Posted in People, Science on August 6 2009, by Plant Talk

Promotes Dialogue between Traditional and Western Medicine Practitioners

Ina Vandebroek, Ph.D., is a Research Associate and Project Director of Dominican Traditional Medicine for Urban Community Health with the Botanical Garden’s Institute of Economic Botany. She has also conducted research on the medicinal uses of plants for community healthcare in Bolivia since 2000. Photo of Ina by Bert de Leenheer

IVBolivia is a landlocked country in Latin America with a high level of biocultural diversity. The Andean mountains that run through the country from northwest to southeast give rise to 23 distinct ecological zones, ranging from the high plains (altiplano) at 13,123 feet, to lowland Amazon rain forest at less than 1,000 feet. The total number of plant species found in Bolivia is still unknown, but estimates are around 20,000. More than 30 distinct indigenous languages are spoken in the country—a reflection of its high ethnic diversity.

Ever since I first set foot on Bolivian soil, I became enamored with the country’s cultures and traditions. Bolivia, or la llajta (home) as the Quechua people who make up one-third of its population would say, is where you eat roasted cow heart with peanut sauce (anticuchos), pay a ritual tribute to Mother Earth (la Pachamama) each first Friday of the month, or negotiate a good price with vendors at the largest open-air market in Latin America.

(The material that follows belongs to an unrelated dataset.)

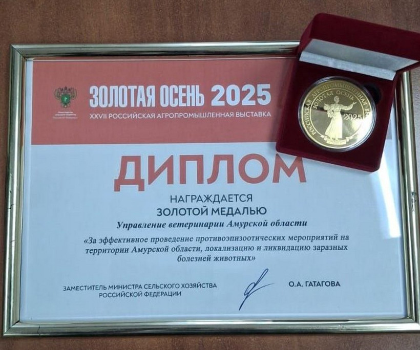 Управление ветеринарии Амурской области признали лучшим в России по проведению противоэпизоотических мероприятий, а также локализации и ликвидации заразных болезней животных. За это накануне на агропромышленной выставке «Золотая осень — 2025» в Москве ведомство наградили золотой медалью профессионального конкурса по внедрению лекарственных средств для ветеринарного применения, лечение болезней животных и популяризации ветеринарной профессии в регионе.

The market, called La Cancha in the city of Cochabamba, is where you can find nearly anything you dream of. My favorite corner is where the dry and fresh herbs are as well as seeds, incense, llama fetuses (used for spiritual purposes), and mesas or ritual preparations for Mother Earth.

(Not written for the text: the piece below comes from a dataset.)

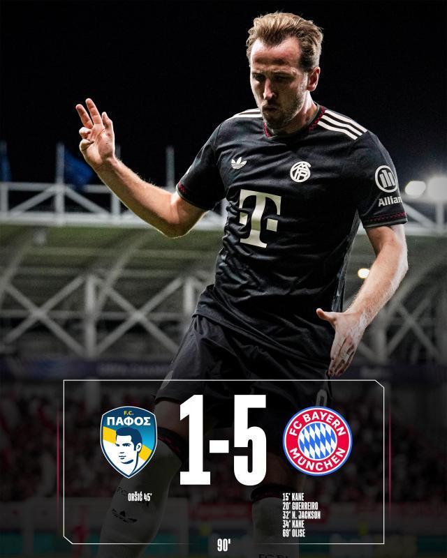 体育周刊原创帕普斯1-5拜仁慕尼黑45'Orthic/15'凯恩,20'拉斐尔·格雷罗,32'Nicholas Jackson,34'Kane,69'Ollies'Ollies'冠军联赛第二轮,拜仁是Paphe Champion联赛的新冠军。拜仁在上半场以多分的得分蓬勃发展,凯恩(Kane)得分两次,拉斐尔·格雷罗(Rafael Guerrero)得分,尼古拉斯·杰克逊(Nicholas Jackson)为拜仁的首场进球打进了进球。 Orsic在兼职之前得分。 Oris稍后在蛋糕上添加了釉料。拜仁以5-1击败帕福斯。在第七分钟,路易斯·迪亚兹(LouisDíaz)切断了内部,并在罚球区域的线附近开火,但由帕福斯守门员解决。在第9分钟,奥里斯(Oris)在角落里开枪,凯恩(Kane)击中了哨所并跳了起来。在第15分钟,奥里斯(Oris)直接传球,凯恩(Kane)射门低下,在角落里击球。拜仁获得了1-0的优势。在第20分钟,拉斐尔·格雷罗(Rafael Guerrero)在罚球区打球,并与尼古拉斯·杰克逊(Nicholas Jackson)合作在罚球区。拜仁延长了2-0的得分。在第31分钟,奥里斯(Oris)进行了交叉,尼古拉斯·杰克逊(Nicholas Jackson)默默地阻止了球的球,以获得低射门。拜仁以3-0领先。在第34分钟,凯恩(Kane)抓住了帕福斯(Paphos)的防守线,无法清除球。拜仁以4-0领先。在第45分钟,Orsic从罚球区外面射击,并在死角上开了球,但Neuer没有回应。 Papos以1-4赢得了比赛。在第49分钟,帕普斯踢了一个拐角,戈达领先球,并被球员在进球前的球员挡住。在第58分钟,亚历山大·帕布洛维奇(Alexander Pablovic)从罚球区外面的远射被守门员挽救了,而金麦克(Kim Mic)的头球失败了。在第68分钟,尼古拉斯·杰克逊(Nicholas Jackson)被守门员救出,奥里斯(Oris)的进球空洞。拜仁以5-1的分数领先优势。拜仁的首发球员:Neuer/Lemer(83 Bis)Schuff),Yu Pamekano(73 Idonanta),Kim Min Jae,Rafael Guerrero/Kimic/Kimic,Alexander Pablovich/Oris/Oris(73 Leonardo Kerr),Kane(64 Bo),凯恩(64 Bo),Luis Diaz(Luis diaz(Luis diaz)(46 Gunaburi)/Nichaburi)阿萨森·迪克拉斯·杰克斯(Asson Dicholas Jackse),本赛季,俱乐部比赛在总共15场比赛中在比赛中取得了2分或更多。 21-Kane在拜仁冠军联赛的26场比赛中攻入21球,在热刺的冠军联赛中获得了32个进球。自从他加入拜仁以来,他是同一时期冠军联赛中最大的目标球员。 101-Neur与Kasila并列101场胜利,并以冠军联赛历史上最胜利的比赛中的守门员并列。文字/刘li

The Bolivian lowlands are home to several indigenous groups, many of whom do not have easy access to biomedical healthcare. This means that, all too often, traditional medicine is the only healthcare available. The crushing reality is that in life-threatening situations such as a hemophilic newborn, a venomous snakebite, or a serious gallbladder infection—all to which I have been a powerless witness—people die without reaching a hospital. Luckily, for many other illnesses, traditional healers are able to play a secure role in maintaining overall community health. Being indigenous community members themselves, healers’ role in healthcare is pivotal. Patients trust them and share with them the same cultural beliefs about the causes and treatment of illnesses.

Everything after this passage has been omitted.